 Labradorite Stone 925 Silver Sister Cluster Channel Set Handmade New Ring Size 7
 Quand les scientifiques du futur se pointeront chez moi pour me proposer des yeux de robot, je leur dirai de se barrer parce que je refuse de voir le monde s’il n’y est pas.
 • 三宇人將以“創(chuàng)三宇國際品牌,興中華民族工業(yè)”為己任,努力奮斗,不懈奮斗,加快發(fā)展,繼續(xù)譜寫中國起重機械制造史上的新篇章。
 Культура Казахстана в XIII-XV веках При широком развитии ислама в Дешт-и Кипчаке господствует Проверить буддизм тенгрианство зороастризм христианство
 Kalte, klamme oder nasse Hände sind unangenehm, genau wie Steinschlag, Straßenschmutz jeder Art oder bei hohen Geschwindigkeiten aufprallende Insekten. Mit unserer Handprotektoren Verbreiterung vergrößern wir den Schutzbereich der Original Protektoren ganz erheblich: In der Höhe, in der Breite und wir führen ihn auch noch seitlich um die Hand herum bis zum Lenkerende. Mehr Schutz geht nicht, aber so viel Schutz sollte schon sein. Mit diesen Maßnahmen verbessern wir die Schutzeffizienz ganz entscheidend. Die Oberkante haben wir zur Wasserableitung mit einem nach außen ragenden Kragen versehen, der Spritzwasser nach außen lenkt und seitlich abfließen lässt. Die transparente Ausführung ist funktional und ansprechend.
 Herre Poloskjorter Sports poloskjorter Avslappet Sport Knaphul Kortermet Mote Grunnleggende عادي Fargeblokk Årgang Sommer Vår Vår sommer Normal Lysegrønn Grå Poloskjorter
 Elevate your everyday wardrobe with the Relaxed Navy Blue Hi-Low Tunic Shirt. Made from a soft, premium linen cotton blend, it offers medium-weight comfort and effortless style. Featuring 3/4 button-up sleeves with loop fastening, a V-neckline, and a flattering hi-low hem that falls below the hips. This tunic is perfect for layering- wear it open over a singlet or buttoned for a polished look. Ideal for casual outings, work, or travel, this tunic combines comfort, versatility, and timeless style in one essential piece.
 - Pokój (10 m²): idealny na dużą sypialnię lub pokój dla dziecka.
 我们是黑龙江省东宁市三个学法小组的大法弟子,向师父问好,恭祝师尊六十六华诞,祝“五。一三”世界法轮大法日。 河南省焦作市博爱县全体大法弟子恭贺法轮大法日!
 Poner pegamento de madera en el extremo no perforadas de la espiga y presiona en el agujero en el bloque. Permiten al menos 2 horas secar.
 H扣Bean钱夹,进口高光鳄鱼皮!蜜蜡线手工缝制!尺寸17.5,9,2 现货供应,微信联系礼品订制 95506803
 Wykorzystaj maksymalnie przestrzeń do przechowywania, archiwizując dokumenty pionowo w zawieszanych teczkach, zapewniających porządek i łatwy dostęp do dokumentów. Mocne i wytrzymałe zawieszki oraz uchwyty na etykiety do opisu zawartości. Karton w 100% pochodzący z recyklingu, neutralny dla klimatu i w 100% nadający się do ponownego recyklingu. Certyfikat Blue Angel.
______________________________
--- What the task asks ---
All of the material above should be printed exactly as it appears.

--- Result for this task ---
 Labradorite Stone 925 Silver Sister Cluster Channel Set Handmade New Ring Size 7
 Quand les scientifiques du futur se pointeront chez moi pour me proposer des yeux de robot, je leur dirai de se barrer parce que je refuse de voir le monde s’il n’y est pas.
 • 三宇人將以“創(chuàng)三宇國際品牌,興中華民族工業(yè)”為己任,努力奮斗,不懈奮斗,加快發(fā)展,繼續(xù)譜寫中國起重機械制造史上的新篇章。
 Культура Казахстана в XIII-XV веках При широком развитии ислама в Дешт-и Кипчаке господствует Проверить буддизм тенгрианство зороастризм христианство
 Kalte, klamme oder nasse Hände sind unangenehm, genau wie Steinschlag, Straßenschmutz jeder Art oder bei hohen Geschwindigkeiten aufprallende Insekten. Mit unserer Handprotektoren Verbreiterung vergrößern wir den Schutzbereich der Original Protektoren ganz erheblich: In der Höhe, in der Breite und wir führen ihn auch noch seitlich um die Hand herum bis zum Lenkerende. Mehr Schutz geht nicht, aber so viel Schutz sollte schon sein. Mit diesen Maßnahmen verbessern wir die Schutzeffizienz ganz entscheidend. Die Oberkante haben wir zur Wasserableitung mit einem nach außen ragenden Kragen versehen, der Spritzwasser nach außen lenkt und seitlich abfließen lässt. Die transparente Ausführung ist funktional und ansprechend.
 Herre Poloskjorter Sports poloskjorter Avslappet Sport Knaphul Kortermet Mote Grunnleggende عادي Fargeblokk Årgang Sommer Vår Vår sommer Normal Lysegrønn Grå Poloskjorter
 Elevate your everyday wardrobe with the Relaxed Navy Blue Hi-Low Tunic Shirt. Made from a soft, premium linen cotton blend, it offers medium-weight comfort and effortless style. Featuring 3/4 button-up sleeves with loop fastening, a V-neckline, and a flattering hi-low hem that falls below the hips. This tunic is perfect for layering- wear it open over a singlet or buttoned for a polished look. Ideal for casual outings, work, or travel, this tunic combines comfort, versatility, and timeless style in one essential piece.
 - Pokój (10 m²): idealny na dużą sypialnię lub pokój dla dziecka.
 我们是黑龙江省东宁市三个学法小组的大法弟子,向师父问好,恭祝师尊六十六华诞,祝“五。一三”世界法轮大法日。 河南省焦作市博爱县全体大法弟子恭贺法轮大法日!
 Poner pegamento de madera en el extremo no perforadas de la espiga y presiona en el agujero en el bloque. Permiten al menos 2 horas secar.
 H扣Bean钱夹,进口高光鳄鱼皮!蜜蜡线手工缝制!尺寸17.5,9,2 现货供应,微信联系礼品订制 95506803
 Wykorzystaj maksymalnie przestrzeń do przechowywania, archiwizując dokumenty pionowo w zawieszanych teczkach, zapewniających porządek i łatwy dostęp do dokumentów. Mocne i wytrzymałe zawieszki oraz uchwyty na etykiety do opisu zawartości. Karton w 100% pochodzący z recyklingu, neutralny dla klimatu i w 100% nadający się do ponownego recyklingu. Certyfikat Blue Angel.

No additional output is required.